With the pictures left out, write out exactly the lines of the listing below that run from the line with "Men’s Nike Dunk" through the line with "مهندس مدني اشراف".

Source data
================================

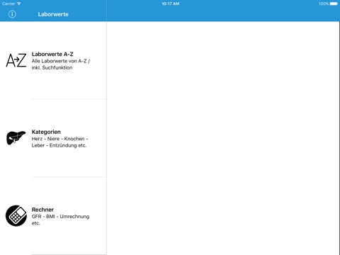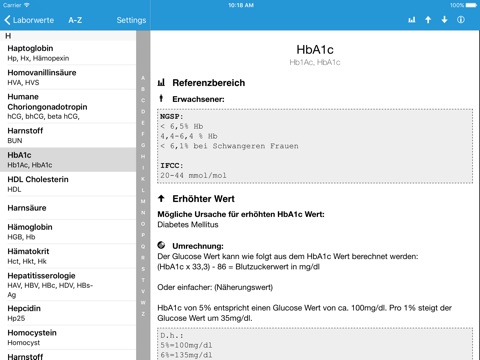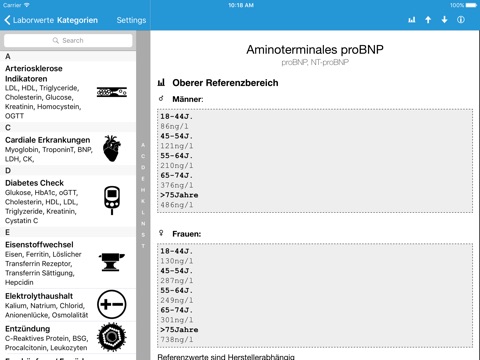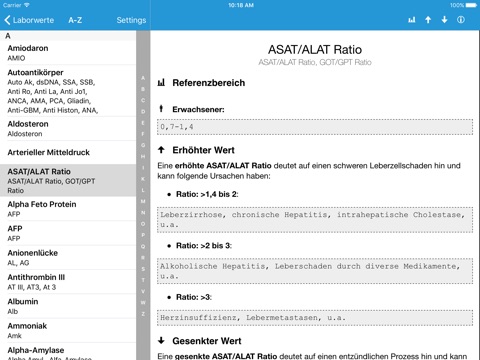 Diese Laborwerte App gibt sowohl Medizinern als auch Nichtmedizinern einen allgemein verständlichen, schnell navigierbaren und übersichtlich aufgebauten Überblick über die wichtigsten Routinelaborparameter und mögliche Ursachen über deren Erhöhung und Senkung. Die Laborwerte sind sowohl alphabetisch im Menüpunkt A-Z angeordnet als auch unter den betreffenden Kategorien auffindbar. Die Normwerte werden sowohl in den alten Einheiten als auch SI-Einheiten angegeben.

================================

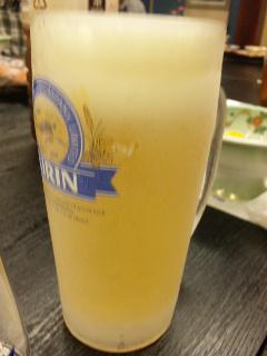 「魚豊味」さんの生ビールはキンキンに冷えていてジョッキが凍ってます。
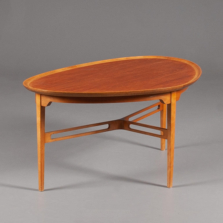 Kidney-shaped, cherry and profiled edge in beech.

================================

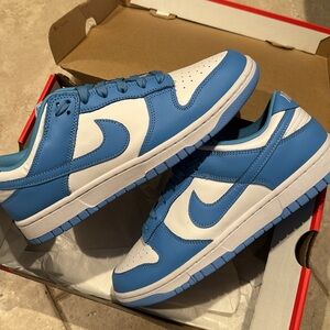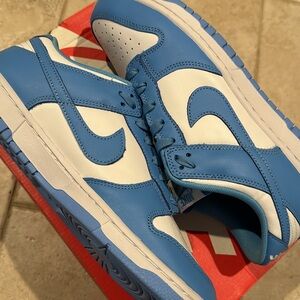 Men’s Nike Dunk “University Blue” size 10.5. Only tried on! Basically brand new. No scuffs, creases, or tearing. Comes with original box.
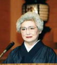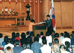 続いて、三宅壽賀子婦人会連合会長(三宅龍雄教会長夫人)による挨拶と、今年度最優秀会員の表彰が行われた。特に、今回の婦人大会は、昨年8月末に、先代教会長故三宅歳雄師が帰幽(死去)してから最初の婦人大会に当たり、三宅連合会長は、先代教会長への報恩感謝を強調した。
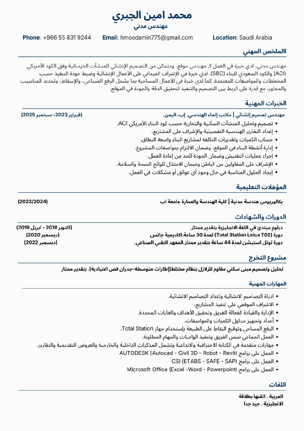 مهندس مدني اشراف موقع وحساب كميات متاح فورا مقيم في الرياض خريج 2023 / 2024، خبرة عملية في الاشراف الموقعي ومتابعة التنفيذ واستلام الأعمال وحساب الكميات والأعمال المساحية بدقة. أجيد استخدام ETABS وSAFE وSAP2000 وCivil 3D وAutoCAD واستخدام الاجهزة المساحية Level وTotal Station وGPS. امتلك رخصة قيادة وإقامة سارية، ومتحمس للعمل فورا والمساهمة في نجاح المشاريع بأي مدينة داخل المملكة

================================

Answer to the problem
 Men’s Nike Dunk “University Blue” size 10.5. Only tried on! Basically brand new. No scuffs, creases, or tearing. Comes with original box.
 続いて、三宅壽賀子婦人会連合会長(三宅龍雄教会長夫人)による挨拶と、今年度最優秀会員の表彰が行われた。特に、今回の婦人大会は、昨年8月末に、先代教会長故三宅歳雄師が帰幽(死去)してから最初の婦人大会に当たり、三宅連合会長は、先代教会長への報恩感謝を強調した。
 مهندس مدني اشراف موقع وحساب كميات متاح فورا مقيم في الرياض خريج 2023 / 2024، خبرة عملية في الاشراف الموقعي ومتابعة التنفيذ واستلام الأعمال وحساب الكميات والأعمال المساحية بدقة. أجيد استخدام ETABS وSAFE وSAP2000 وCivil 3D وAutoCAD واستخدام الاجهزة المساحية Level وTotal Station وGPS. امتلك رخصة قيادة وإقامة سارية، ومتحمس للعمل فورا والمساهمة في نجاح المشاريع بأي مدينة داخل المملكة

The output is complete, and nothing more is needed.